Wednesday, September 1, 2021

On our way to Italia . . . with negative Covid results now in hand

Waiting in San Francisco United lounge.
We’re finally on the way back to our Montecarlo home after nearly two years of forced exile because of Covid-19. When we made the reservation, Covid seemed to on its way out. We were double vaccinated in early spring, confident we would be able to travel in the fall. Having sold 90 percent of our summer asphalt maintenance business (Hurrah!), we decided to leave September 1 so we could attend the last weekend of Montecarlo’s wine festa.

But just two days before our flight, headlines and our Facebook group discussions were full of information about how Italy is now requiring a negative Covid test for entry. However, we were confused. After seeing the headlines about tests being needed, we read further down in the text, and the stories seemed to say that people who had been fully vaccinated were exempt.

I posted on one of my favorite Facebook groups, “Traveling to Italy,” that we did not have time to get a Covid test and would be going with our vaccination cards and would use our Italian identity cards as backup, but the majority of the comments said we would be denied boarding if we had not been tested.
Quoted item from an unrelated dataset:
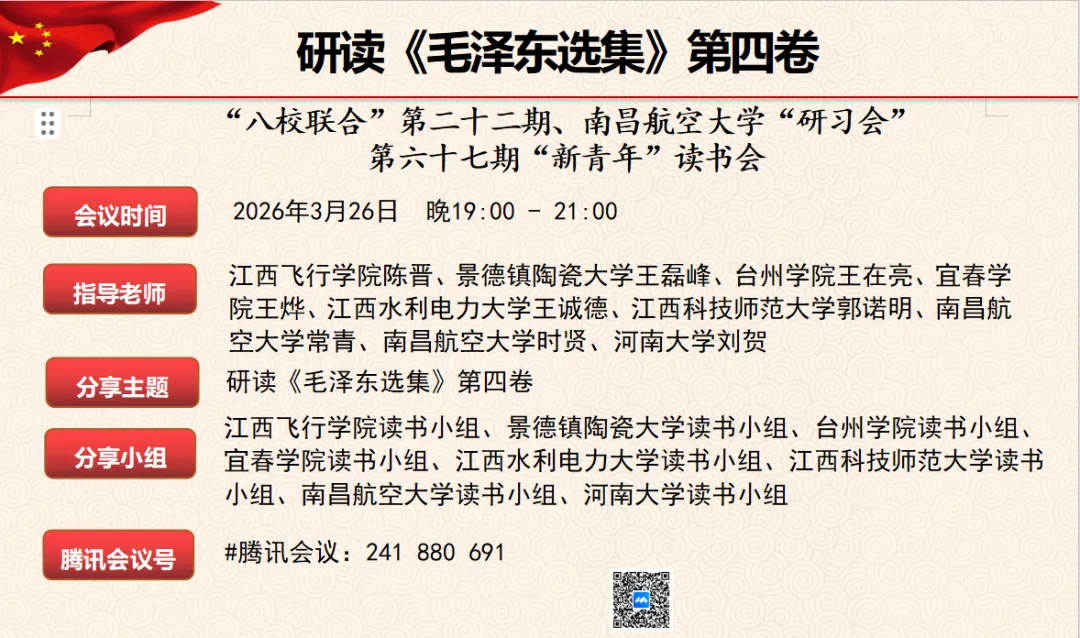 3月26日晚,南昌航空大学“大学生研习会”联合江西飞行学院、景德镇陶瓷大学、台州学院、宜春学院、江西水利电力大学、江西科技师范大学、河南大学等八所高校,以线上形式举办“八校联合”第二十二期暨“新青年”第六十七期读书会,共同研读《毛泽东选集》第四卷。本次读书会由25级研究生彭丽爱主持。

We made an appointment for free King County tests and altered our schedule to drive 45 minutes to Tukwila. The tests would be administered just 24 hours before our departure, but the website promised rapid results.

Meanwhile I filled out contact forms required by United Airlines, the Italian government and the Swiss government, since we would be spending a night in Zurich. The Switzerland stopover came about when United changed our reservation about a month ago because of a problem between United and Lufthansa. After filling out the form and reading the links from both United and Swiss Air (United put us on a Star Alliance flight with Swiss Air), the information seemed to say that we were supposed to have a negative test . . . but there were exemptions, and one was for people who were fully vaccinated no more than 12 months before arrival. This exemption applied to both Italy and Switzerland.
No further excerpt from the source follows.